- _TO DO_:
Whatever pictures appear, omit them, and repeat the data below exactly.

- _RECORDS SHOWN_:
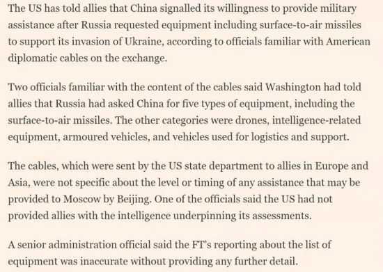 文章引述美国两名知情官员的话称,美国国务院已通知北约组织成员国和亚洲盟友,宣称“中国已表示愿意对俄罗斯提供军事支援”。而且,美国国务院还通过外交电报告诉盟友,“中国会否认这种计划的存在”。
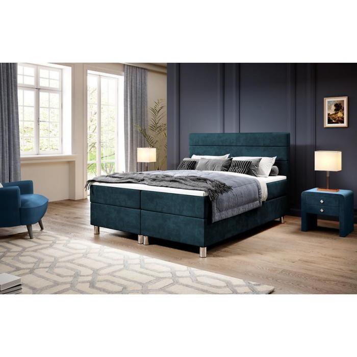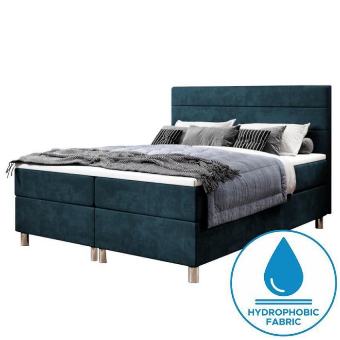 Łóżko kontynentalne Calipso nie tylko spełnia walory estetyczno-wizualne, ale zapewnia także wygodę i komfort podczas użytkowania. Łożko tapicerowane jest aksamitną tkaniną, a dodatkowo lekkości dodają również montowane do bryly chromowane nóżki. Łóżko posiada także dwa pojemniki do przechowywania np. pościeli czy poduszek.
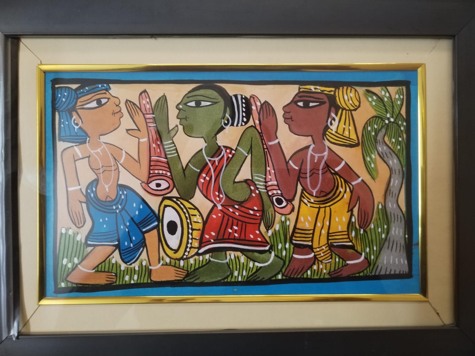 Bengal Pattachitra is a traditional scroll painting style from West Bengal, India. “ Bengal Pattachitra 2 men with women framed 10x14 inches” depicts Gents & Lady figures playing musical instruments, showcasing intricate folk-art details, vibrant colors, and mythological or everyday cultural themes typical of Pattachitra style.
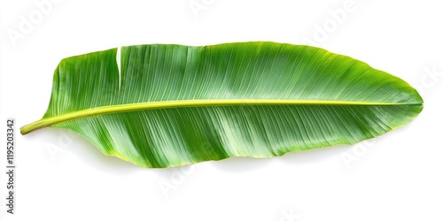 Vibrant green banana leaf lying horizontally on a pristine white background, showcasing intricate leaf veins and lush tropical foliage details.
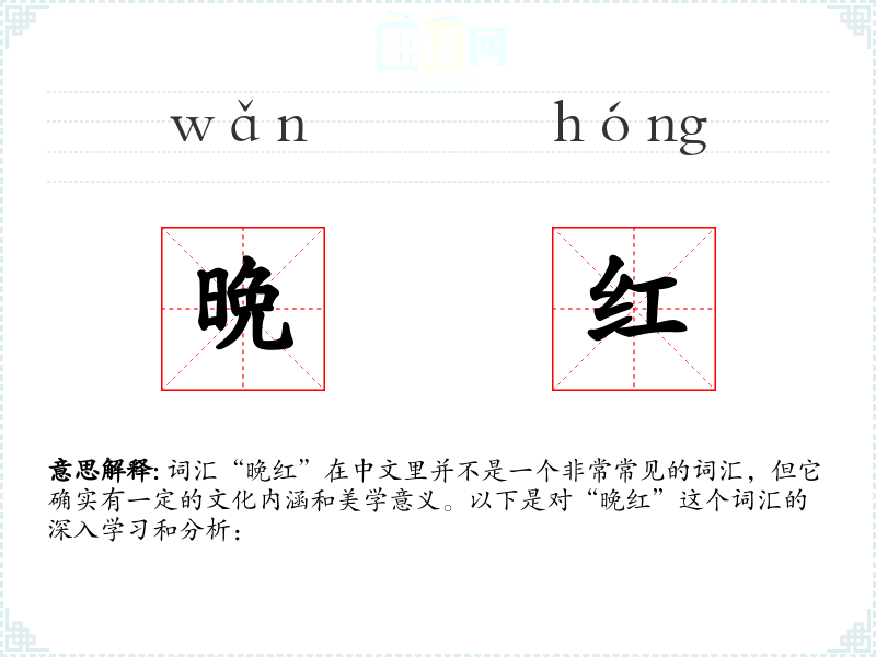 词汇“晚红”在中文里并不是一个非常常见的词汇,但它确实有一定的文化内涵和美学意义。以下是对“晚红”这个词汇的深入学*和分析:
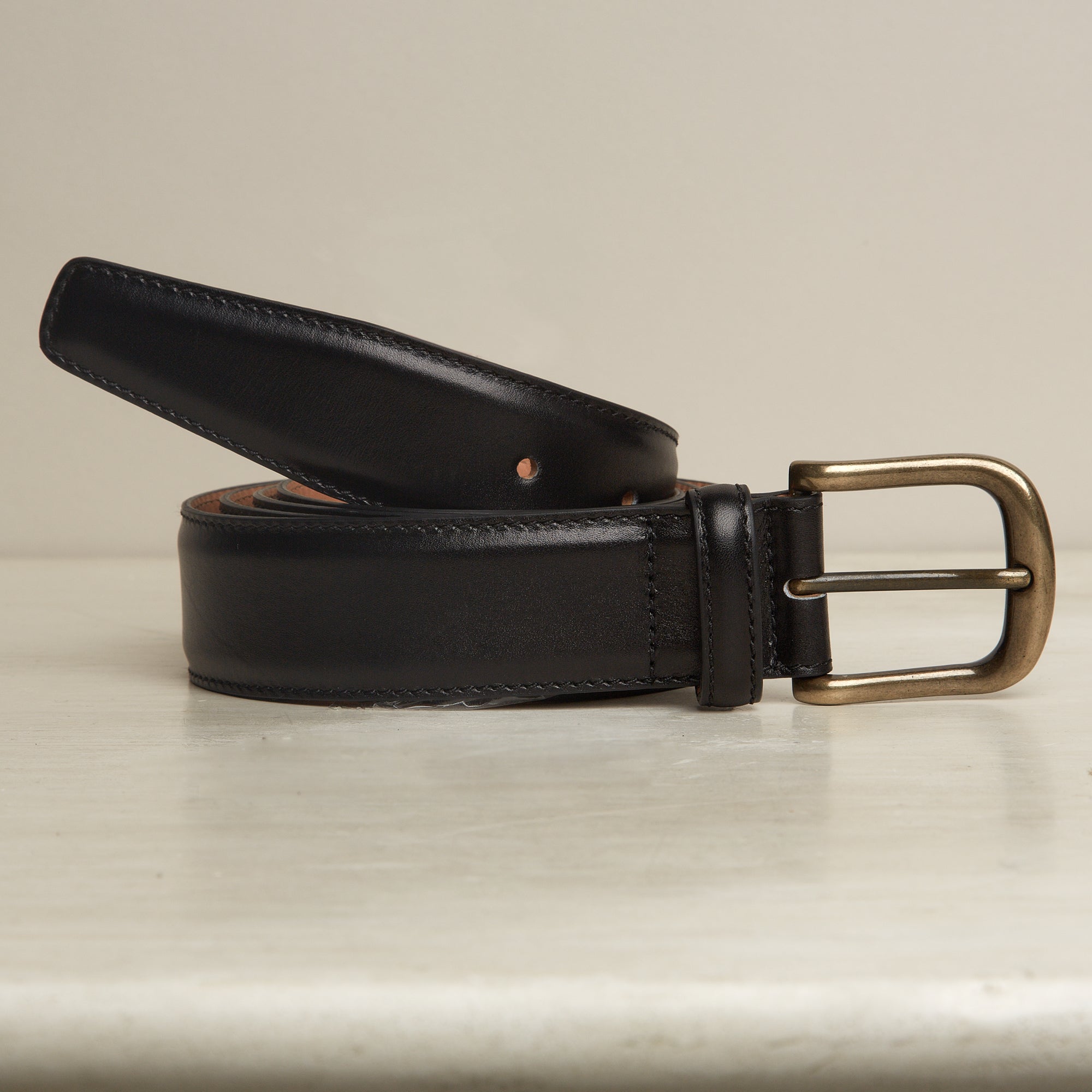 This nappa leather belt is made from luxurious and smooth calf skin leather. It has an antique brass buckle and top stitched ends, which makes this belt an ultimate versatile piece in your wardrobe. Wear it with chinos or jeans for a stylish casual look.

- _ANSWER BELOW_:
 文章引述美国两名知情官员的话称,美国国务院已通知北约组织成员国和亚洲盟友,宣称“中国已表示愿意对俄罗斯提供军事支援”。而且,美国国务院还通过外交电报告诉盟友,“中国会否认这种计划的存在”。
 Łóżko kontynentalne Calipso nie tylko spełnia walory estetyczno-wizualne, ale zapewnia także wygodę i komfort podczas użytkowania. Łożko tapicerowane jest aksamitną tkaniną, a dodatkowo lekkości dodają również montowane do bryly chromowane nóżki. Łóżko posiada także dwa pojemniki do przechowywania np. pościeli czy poduszek.
 Bengal Pattachitra is a traditional scroll painting style from West Bengal, India. “ Bengal Pattachitra 2 men with women framed 10x14 inches” depicts Gents & Lady figures playing musical instruments, showcasing intricate folk-art details, vibrant colors, and mythological or everyday cultural themes typical of Pattachitra style.
 Vibrant green banana leaf lying horizontally on a pristine white background, showcasing intricate leaf veins and lush tropical foliage details.
 词汇“晚红”在中文里并不是一个非常常见的词汇,但它确实有一定的文化内涵和美学意义。以下是对“晚红”这个词汇的深入学*和分析:
 This nappa leather belt is made from luxurious and smooth calf skin leather. It has an antique brass buckle and top stitched ends, which makes this belt an ultimate versatile piece in your wardrobe. Wear it with chinos or jeans for a stylish casual look.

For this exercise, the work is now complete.